Antes, porém, uma curiosidade: assisti o espetáculo ontem e era de se supor que pudesse me lembrar das seis cartaz encenadas. No entanto, só me recordo de cinco! - poderia, evidentemente, entrar em contato com a assessoria de imprensa do espetáculo em busca de preencher a citada lacuna. Mas estou optando por encará-la com uma dose maior de humor do que de aflição, pois se efetivamente "bloqueei" uma das cartaz, é bem provável que a mesma tenha me gerado um grande impacto...

Baseado no livro homônimo, "Também queria te dizer - cartas masculinas" nos coloca diante de um artista plástico que resolve fazer uma instalação utilizando cartas, todas escritas na primeira pessoa, e as interpreta. É possível que a plateia fique em dúvida sobre a autoria das cartas - de que forma o artista teria tido acesso a elas? - e conclua que ele próprio as escreveu. Também fiquei com essa dúvida, mas isso é completamente irrelevante. O fundamental é a pertinência com que a autora aborda uma série de temas, dentre eles a loucura, a separação amorosa, a morte, a corrupção e a relação do artista com a crítica. 

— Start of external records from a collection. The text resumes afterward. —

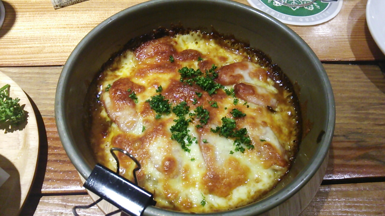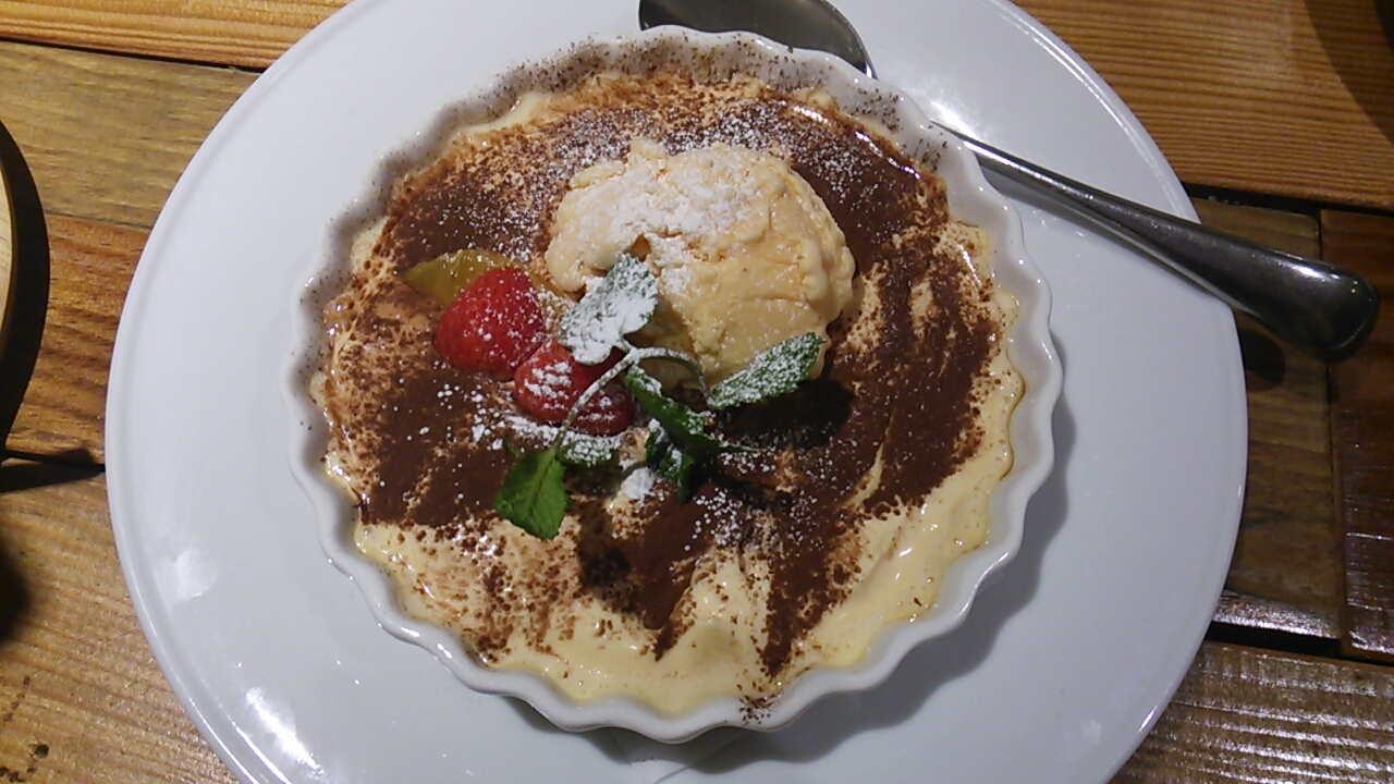 メニューの中で目を引くのは「スプーンピザ」。鉄板のオーブン皿の中にピザ生地をベースにグラタン風な食材で出来ているピザ。どうやら、熱くて柔らかいので火傷をしないようにスプーンで食べてくださいというスタイルらしい。味の違う3種の料理ピザとティラミス風デザートピザがある。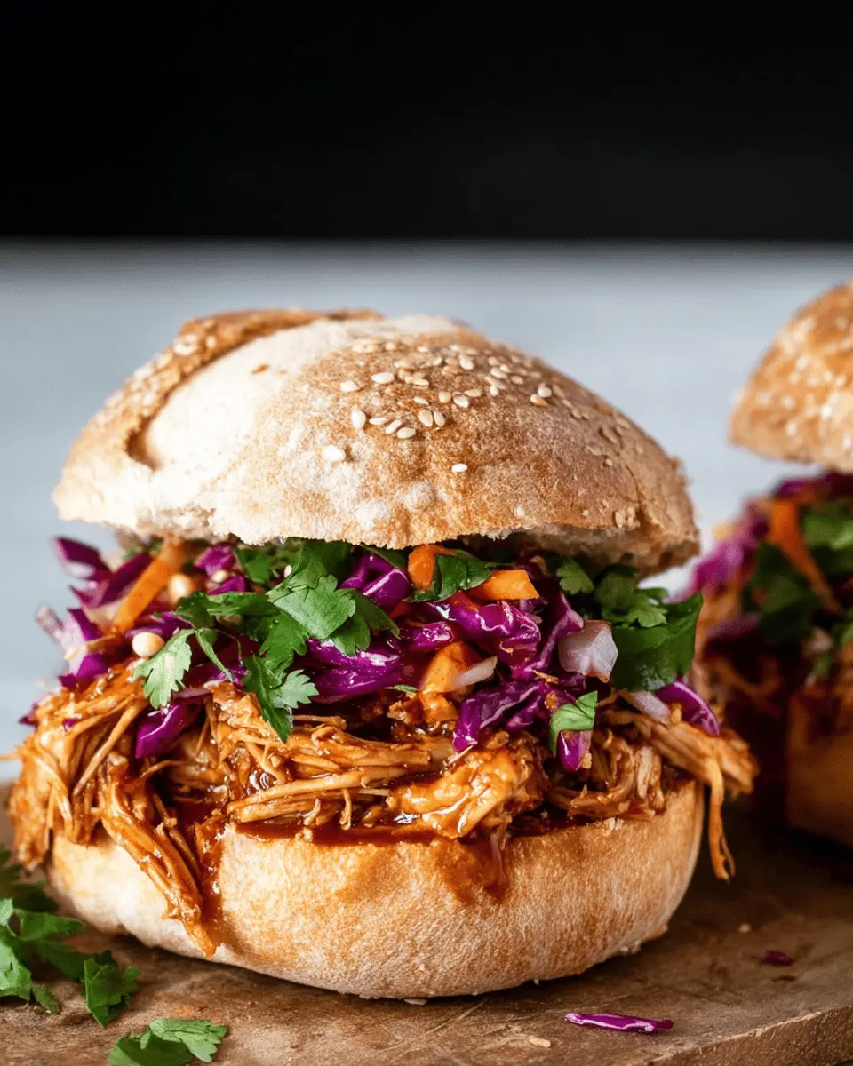 While your chicken is bubbling away, it's the perfect time to whip up a refreshing slaw. In a medium bowl, combine ½ cup shredded carrots, ½ cup shredded red cabbage, and ¼ cup chopped cilantro. Add 1 tablespoon of apple cider vinegar, ½ tablespoon of toasted sesame oil, and 1 teaspoon of pure maple syrup. Sprinkle in some freshly ground salt and pepper to taste. This slaw not only adds a vibrant crunch to your sandwich but also balances the sweetness of the pulled chicken.
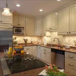 a kitchen with granite countertops and stainless steel appliances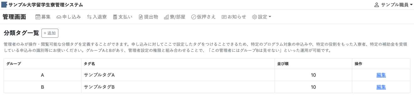 申し込みや入寮者に特定のタグをつけて分類したい場合に利用可能なタグを登録、管理する画面です。グループAとBを使い分けることで、特定の管理者にはグループBは見せたくない、といった運用にも対応可能です。

Sendo Martha Medeiros uma autora cujos textos, ainda que brilhantes do ponto de vista formal, não visam a aprovação de especialistas e sim transmitir viscerais emoções àqueles que a leem, nada mais natural que a plateia se envolva e se identifique totalmente com os conteúdos em causa. E este envolvimento, que, como já dito, não senti em Angra, e agora foi completo, talvez se deva ao fato de que, na FITA, o espetáculo era feito em um teatro e os espectadores ficavam a uma certa distância do intérprete. No Midrash, o ator representa a poucos metros da plateia e essa proximidade faculta uma relação muito mais impactante entre quem faz e quem assiste.

A direção de Victor Garcia Peralta é sabiamente simples, sem por isso deixar de ser elegante e refinada, marcas características do encenador argentino. Ciente de que, no presente caso, o que realmente importa é materilizar na cena a dramaticidade dos relatos, Victor Garcia investe todas as suas fichas no sentido de extrair do ator um desempenho à altura do material dramatúrgico. E o faz com absoluto sucesso.

Emílio Orciollo Netto é um ator ainda jovem, mas com vasta experiência, tanto no teatro como no cinema e na TV. E sempre que o assisto tenho certeza absoluta de que pertence ao seleto grupo de intérpretes que se entrega sem reservas aos personagens que interpreta, encarando sem nenhum temor todos os desafios inerentes a uma atividade de extremo risco - em especial no teatro, que dispensa intermediações típicas dos outros veículos. E também pelo fato de possuir grandes recursos expressivos e indiscutível inteligência cênica (responsável pela originalidade de suas escolhas), chega-se à única conclusão possível: no presente espetáculo, Emílio exibe uma das performances mais poderosas da atual temporada.

Na equipe técnica, Plínio Poeta responde por uma trilha sonora que contribui decisivamente para enfatizar todos os climas emocionais em jogo, cabendo também destacar a expressiva cenografia de Miguel Pinto Guimarães e a sensível iluminação de Luciano Xavier.

TAMBÉM QUERIA TE DIZER - CARTAS MASCULINAS - Texto de Martha Medeiros. Direção de Victor Garcia Peralta. Com Emílio Orciollo Netto. Midrash. Sábado, 21h. Domingo, 20h.